### Data section
»»

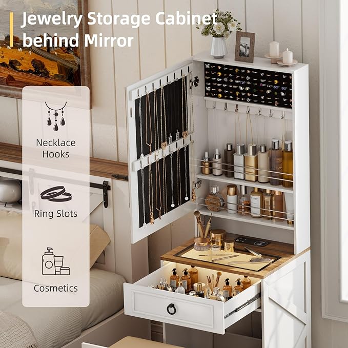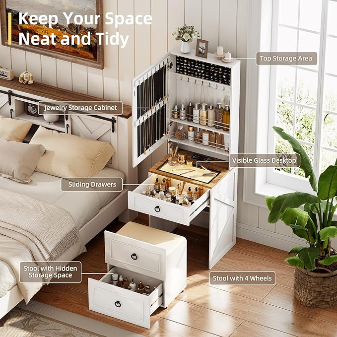 - 【Elegant Design for Jewelry Storage】This Vanity Table Set has an extra Jewelry Storage.it can accommodate 108 rings/ earrings, 30 necklaces/bracelet hooks, easily store all of your jewelry. And this jewelry storage cabinet can protect your jewelry from dust
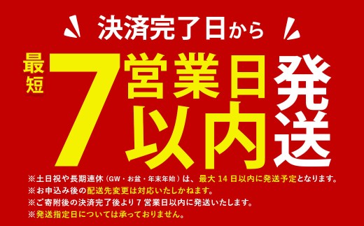 ※土日祝や長期連休(GW・お盆・年末年始)は、最大14日以内に発送予定となります。
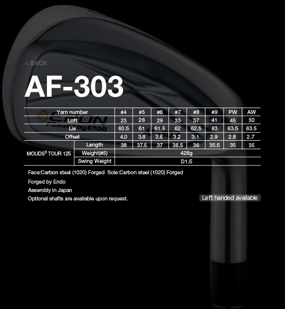 杆头是使用1020不锈钢锻造而成,Epon的锻造技术自然不用说,那绝对是世界顶尖水平的锻造。之前的302系列一直都很受中低差点选手的喜好,既有良好的操控性,又有不错的容错性,加上世界顶级锻造厂保证的优良手感,但对于中高差点选手来说302要稍偏难打,毕竟是比较接近CB的款式。但是今年的303显然要更加加强了容错性,这样可能有更多的中高差点选手能入手来尝试一下。
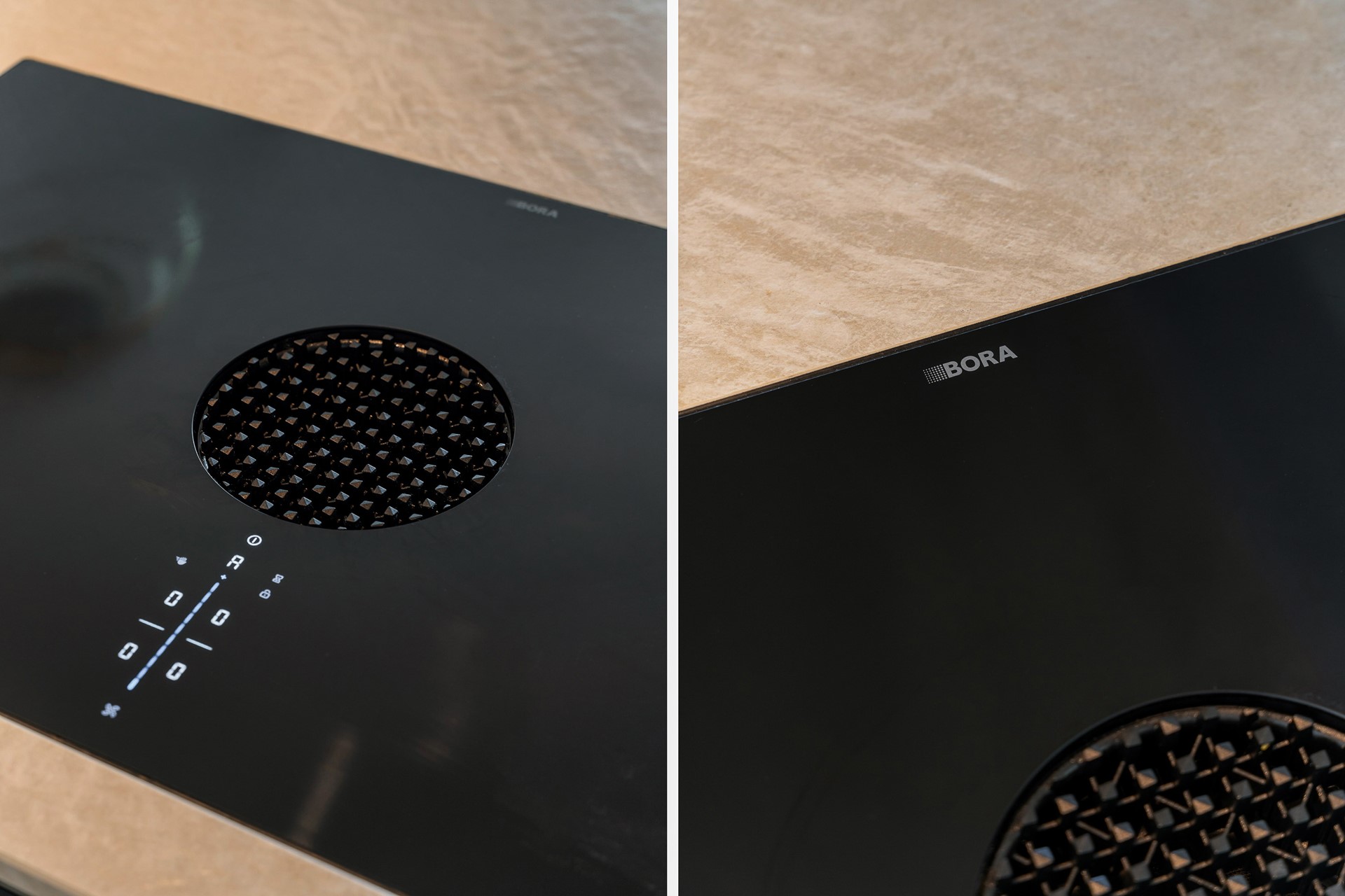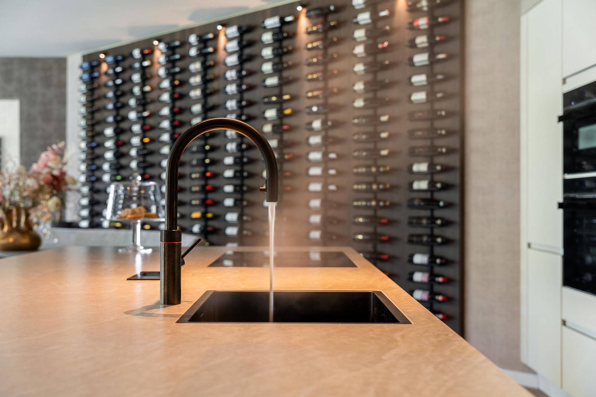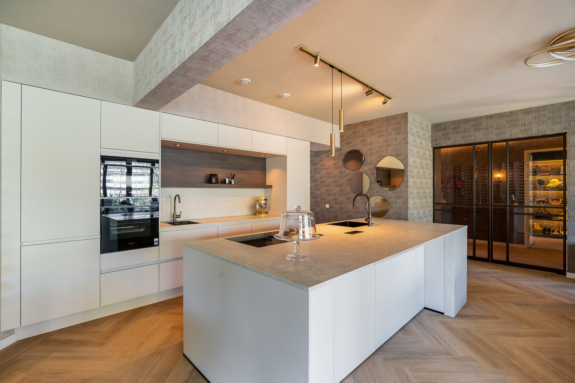 De moderne open keuken is een droom voor iedere kookliefhebber: strak vormgegeven met topklasse “Siemens Topline” inbouwapparatuur en een stijlvolle afwerking. Het eiland geeft ruimte aan een in “Gun Metal” uitgevoerde spoelbak en “Quooker” kraan met extra functie voor bruisend water, een vaatwasser, een dubbele wijnklimaatkast van het merk ”Wine&Klima” en een “Bora” inductiekookplaat met geïntegreerde afzuiging. Aan de overzijde vinden we een stijlvolle koffiebar met aan weerszijden plaats voor de koelkast en kastruimte. De gehele keuken is uitgevoerd in een lichte crème kleur waar je geen vingers op ziet. De eveneens lichte “Dekton” werkbladen en achterwand stralen stijl en stevigheid uit en zijn zeer gebruiksvriendelijk.

««

### Your assignment
Print out the material word for word, omitting the pictures.

### Answer to the problem
 - 【Elegant Design for Jewelry Storage】This Vanity Table Set has an extra Jewelry Storage.it can accommodate 108 rings/ earrings, 30 necklaces/bracelet hooks, easily store all of your jewelry. And this jewelry storage cabinet can protect your jewelry from dust
 ※土日祝や長期連休(GW・お盆・年末年始)は、最大14日以内に発送予定となります。
 杆头是使用1020不锈钢锻造而成,Epon的锻造技术自然不用说,那绝对是世界顶尖水平的锻造。之前的302系列一直都很受中低差点选手的喜好,既有良好的操控性,又有不错的容错性,加上世界顶级锻造厂保证的优良手感,但对于中高差点选手来说302要稍偏难打,毕竟是比较接近CB的款式。但是今年的303显然要更加加强了容错性,这样可能有更多的中高差点选手能入手来尝试一下。
 De moderne open keuken is een droom voor iedere kookliefhebber: strak vormgegeven met topklasse “Siemens Topline” inbouwapparatuur en een stijlvolle afwerking. Het eiland geeft ruimte aan een in “Gun Metal” uitgevoerde spoelbak en “Quooker” kraan met extra functie voor bruisend water, een vaatwasser, een dubbele wijnklimaatkast van het merk ”Wine&Klima” en een “Bora” inductiekookplaat met geïntegreerde afzuiging. Aan de overzijde vinden we een stijlvolle koffiebar met aan weerszijden plaats voor de koelkast en kastruimte. De gehele keuken is uitgevoerd in een lichte crème kleur waar je geen vingers op ziet. De eveneens lichte “Dekton” werkbladen en achterwand stralen stijl en stevigheid uit en zijn zeer gebruiksvriendelijk.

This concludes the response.